0

I've been stuck for a few days. So my problem is, i create data pipeline using apache beam and dataflow runner. I use a global variable (a dictionary) in the script to be accessed by some function. The problem is, when i run it in local with estimated 200.000 rows of data it succeeded both in local and dataflow. But when i run it in dataflow using the dataset contains 6.000.000 rows, the dictionary became empty. Here is my code:

The function:

global pre_compute
pre_compute = {} # {(transnumber,seq):[dordertxt, dorderupref], (transnumber,seq):[dordertxt, dorderupref]}

def compute_all_upref_and_ordertxt(data):
    '''
    Compute all dorder_txt and dorder_upref
    '''
    trans_number = data.get("transaction_number")
    seq = data.get("stdetail_seq")

    # get and remove ordertxt and upref from data
    ordertxt = data.pop("dorder_ordertxt","")
    upref = data.pop("dorder_upref","")

    
    global pre_compute
    if pre_compute.get((trans_number,seq), None) == None:
        pre_compute[(trans_number, seq)] = [ordertxt, upref]

    else:
        if ordertxt:
            pre_compute[(trans_number, seq)][0] = ordertxt
        if upref:
            pre_compute[(trans_number, seq)][1] = upref

    return data # -> data with no upref and ordertxt

def evaluate_and_inject_upref_ordertxt(data):
    # Using json.loads() faster 4-6x than eval()
    data = data.strip("\n")
    data = data.replace("'", '"')
    data = data.replace("None", "null")
    data = json.loads(data) # str to dict
    
    
    trans_number = data.get('transaction_number')
    seq = data.get('stdetail_seq')

    global pre_compute
    ordertxt, upref = pre_compute[(trans_number, seq)]
    data['dorder_ordertxt'] = ordertxt
    data['dorder_upref'] = upref
    return data

The pipeline code:

left_join_std_dtdo = (join_stddtdo_dict | 'Left Join STD DTable DOrder' >> Join(left_pcol_name=stdbsap_dimm_data, left_pcol=left_join_std_bsap,
                                                                    right_pcol_name=dtdo_data, right_pcol=left_join_dtdo,
                                                                    join_type='left', join_keys=join_keys)
                                            | 'UPDATE PRICE FOR SCCRM01' >> beam.ParDo(update_price_sccrm01())
                                            | 'REMOVE PRICE from DICTIONARY' >> beam.ParDo(remove_dtdo_price())
                                            | 'PreCompute All Upref and ordertxt based on trans_number and seq' >> beam.Map(compute_all_upref_and_ordertxt)
    )

rm_left_std_dtdo = (left_join_std_dtdo | 'CHANGE JOINED STD DTDO INTO STR' >> beam.Map(lambda x: str(x))
                                             | 'DISTINCT STD DTDO' >> beam.Distinct()
                                             | 'EVALUATE AND INJECT AS DICT STD DTDO' >> beam.Map(evaluate_and_inject_upref_ordertxt)
                                             | 'Adjust STD_NET_PRICE WITH DODT_PRICE' >> beam.ParDo(replaceprice())
    ) 

It runs perfectly in both local and dataflow with 200.000 rows of data. But when i tried using 6.000.000 rows of data in dataflow, when the script is executing

ordertxt, upref = pre_compute[(trans_number, seq)]

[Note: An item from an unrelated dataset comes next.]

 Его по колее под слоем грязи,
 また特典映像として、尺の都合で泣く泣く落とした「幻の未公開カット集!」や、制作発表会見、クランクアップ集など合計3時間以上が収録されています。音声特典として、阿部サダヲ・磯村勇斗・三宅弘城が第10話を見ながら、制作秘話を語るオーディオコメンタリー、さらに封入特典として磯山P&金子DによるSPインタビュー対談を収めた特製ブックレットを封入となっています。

it always give me a key error when running in dataflow, like the dictionary is empty. Any solutions?

  • You can't have global variables in Beam code. Check [this](https://stackoverflow.com/questions/44432556/is-there-anyway-to-share-stateful-variables-in-dataflow-pipeline) answer. – Praneeth Peiris Aug 18 '21 at 09:18
  • Thanks, i have read that link before. Why am i confused is if i use the 200.000 data rows and using global variable, it runs perfectly? – arroganthooman Aug 18 '21 at 09:51
  • It's probably because it's using only a single worker for a smaller number of records. I don't see a straightforward way to have a global data structure. You probably have to re-think your pipeline (as suggested in the answer). – Praneeth Peiris Aug 18 '21 at 15:34

2 Answers2

2

You can try using Beam state API. Note that state API is not designed to store large a large amounts of data.

Another option might be storing your data in an external storage system (for example, GCS) so that all workers have access to that data.

Note that either solution could limit the parallelization (and hence performance) of your pipeline if you try to store large amounts of data. In such a case it might be better to redesign your pipeline to be truly parallelizable.

chamikara
  • 1,896
  • 1
  • 9
  • 6
0

apache beam is building upon the assumption to run on distributed infrastructure. nodes will run independently, any state would have to be shared between workers. therefore, global variables are not available. if you really require to exchange information across workers, you'll probably have to implement yourself. However, I'd rather recommend to overthinking the pipeline.

Andreas Neumeier
  • 338
  • 2
  • 10